Task description | Please reproduce the listing below exactly, leaving out every picture.
Material provided Start Marker
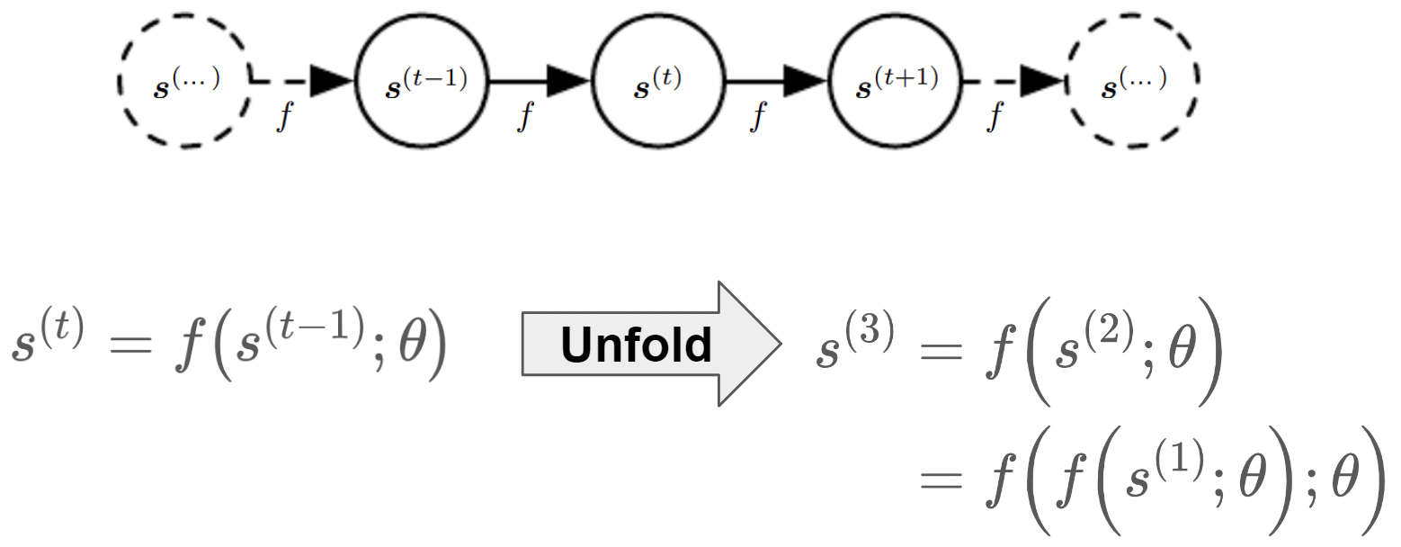 $s^{(t)}$는 $t$가 속한 집합이 $\tau$개로 유한한 경우 $\tau-1$번 적용해 그래프를 오른쪽과 같이 unfold 가능하다. 이때 좌식 $s^{(t)}=f(s^{(t-1)};\theta)$와 같이 이전 상태가 이번 상태를 나타내기 위해 인자로 들어오는 점화식으로 표현되는 것을 확인할 수 있다.
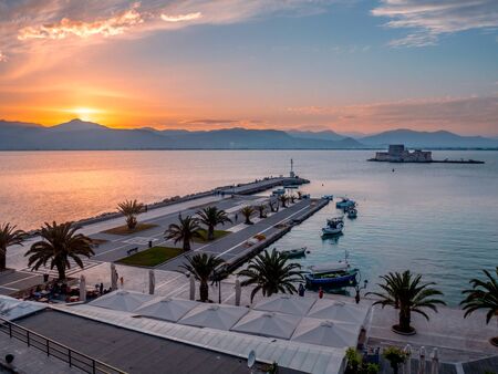 A panoramic view of the old harbour of Nafplio with the historical water castle of Bourtzi in the middle in sunset
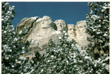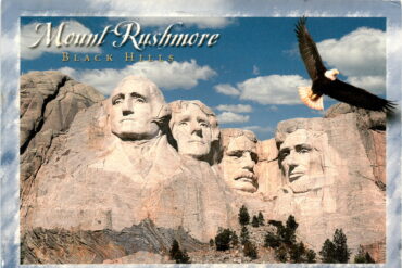 The postcard features an image of Mount Rushmore, a famous monument located in the Black Hills of South Dakota. The front of the postcard shows…
Material provided End Marker
Reply to the exercise |
 $s^{(t)}$는 $t$가 속한 집합이 $\tau$개로 유한한 경우 $\tau-1$번 적용해 그래프를 오른쪽과 같이 unfold 가능하다. 이때 좌식 $s^{(t)}=f(s^{(t-1)};\theta)$와 같이 이전 상태가 이번 상태를 나타내기 위해 인자로 들어오는 점화식으로 표현되는 것을 확인할 수 있다.
 A panoramic view of the old harbour of Nafplio with the historical water castle of Bourtzi in the middle in sunset
 The postcard features an image of Mount Rushmore, a famous monument located in the Black Hills of South Dakota. The front of the postcard shows…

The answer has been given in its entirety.